◆ Problem to solve ◆
From the data that follows, print exactly the lines starting at the one containing "Used E-Z BURR" and ending at the one containing "You’ll see past"; include both of them and nothing more.

◆ Material supplied ◆
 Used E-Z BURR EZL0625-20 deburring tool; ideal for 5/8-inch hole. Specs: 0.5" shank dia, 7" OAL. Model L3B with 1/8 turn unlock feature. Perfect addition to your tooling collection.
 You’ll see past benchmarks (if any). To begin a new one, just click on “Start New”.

---

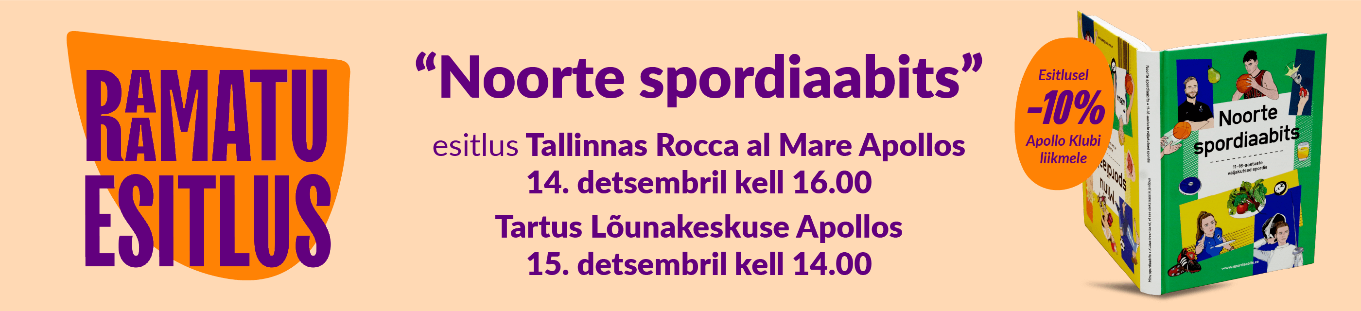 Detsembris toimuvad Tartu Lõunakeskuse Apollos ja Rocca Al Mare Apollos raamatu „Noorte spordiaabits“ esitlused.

◆ Task solution ◆
 Used E-Z BURR EZL0625-20 deburring tool; ideal for 5/8-inch hole. Specs: 0.5" shank dia, 7" OAL. Model L3B with 1/8 turn unlock feature. Perfect addition to your tooling collection.
 You’ll see past benchmarks (if any). To begin a new one, just click on “Start New”.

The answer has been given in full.